Considering the left side of the cable:
Tension 1 (left side) + Weight (W) = 0 (net vertical force is zero)
Similarly, considering the right side of the cable:
Tension 2 (right side) + Weight (W) = 0 (net vertical force is zero)
Since the weight (W) is acting downwards, the tension forces are acting upwards.
Now, let's calculate the tension in each side of the cable.
Tension 1 (left side) = Weight (W) = 196 N
Tension 2 (right side) = Weight (W) = 196 N
Therefore, the tension in each side of the cable is 196 N.

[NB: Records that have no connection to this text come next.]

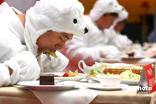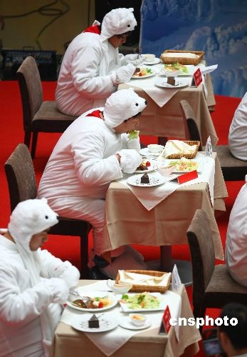 7月4日,一项关注全球变暖的时尚环保比赛在北京一购物中心举行,比赛者身披厚厚的毛皮、头戴北极熊头套,在千瓦钨丝灯光的烤射下,比赛吃西式牛排套餐。活动旨在倡导都市潮人们在享受时尚浪漫生活的同时,不忘“环保、减碳、爱地球”,关注“地球均温如升高6度,冰川融化,不只北极熊将失去家园,地球也将面临毁灭”的现实话题。中新社发 富田 摄
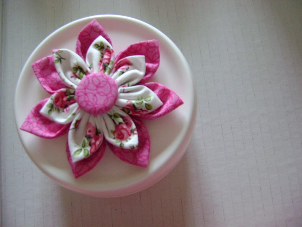 Ursprünglich wurden diese Blumen in Japan als Haarschmuck hergestellt. Für mich war es eine wunderschöne Gelegenheit, Stoffreste zu verarbeiten und auf leere Nivea-Dosen zu kleben.
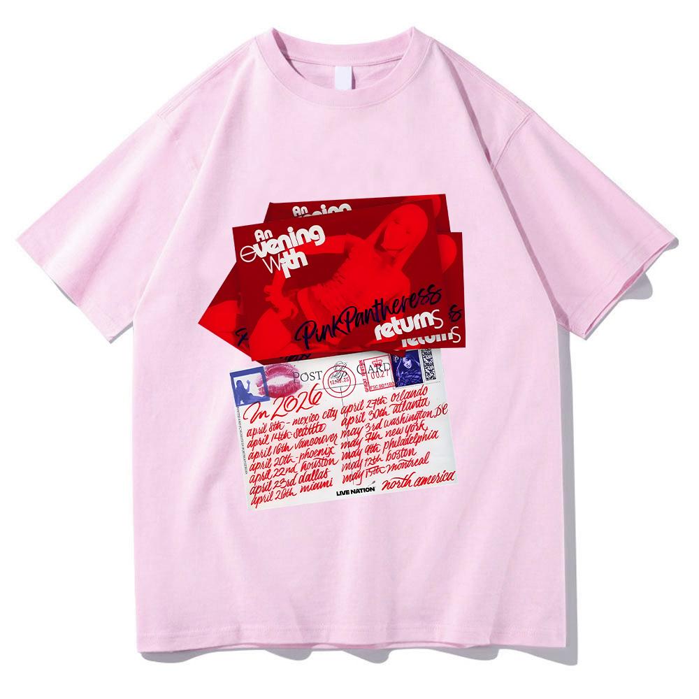 PinkPantheress 2026 Nord-Amerika Tour T-skjorter Ren Bomulls T-skjorte Rund Hals T-skjorter Dame Mann Klær Y2K T-skjorte cm sand
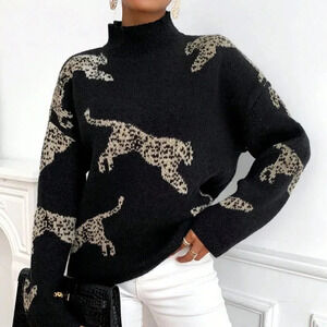 Black Casual Women's Leopard Pattern High Neck Drop Shoulder Sweater
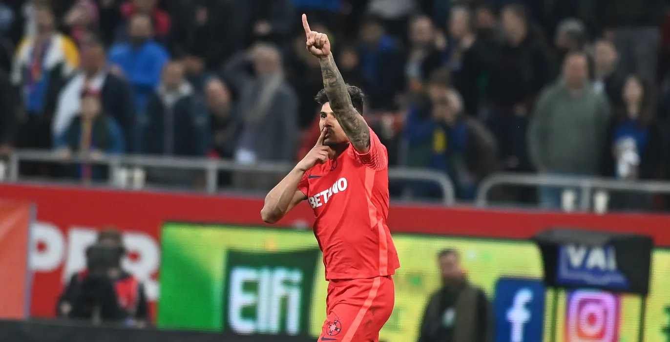 Florinel Teodor Coman se bucura dupa un gol marcat in meciul de fotbal dintre FCSB si CFR Cluj, contand pentru Play-off-ul Superligii Superbet, desfasurat pe Arena Nationala din Bucuresti, duminica 14 mai 2023. © FOTO:Razvan Pasarica/SPORT PICTURES
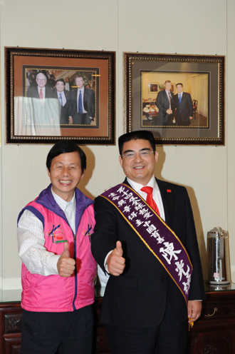 陳光標還表示,由于自己無法去臺灣領獎,今年4月,臺灣周大觀文教基金會的負責人周進華親自來到南京他的公司面談,為他披上綬帶并呈上連戰的老師陳大絡的題詞。
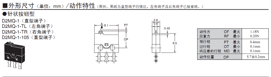 歐姆龍微動(dòng)開關(guān),D2MQ-1,歐姆龍微動(dòng)開關(guān)D2MQ

To find the tension in each side of the cable, you can use the formula for the tension in a hanging cable:
T = w/2 + √((L^2/4) - (s^2))
Where:
T = tension in each side of the cable
w = weight of the traffic light
L = distance between the poles
s = sag in the cable
Let's substitute the given values into the formula:
w = 20 kg (weight of the traffic light)
L = 40 meters (distance between the poles)
s = 0.4 meters (sag in the cable)
Now we can calculate the tension in each side of the cable:
T = (20 kg) / 2 + √((40^2/4) - (0.4^2))
T = 10 kg + √((1600/4) - (0.16))
T = 10 kg + √(400 - 0.16)
T ≈ 10 kg + √399.84
T ≈ 10 kg + 19.996
T ≈ 29.996 kg
So, the tension in each side of the cable is approximately 29.996 kg (or approximately 300 N).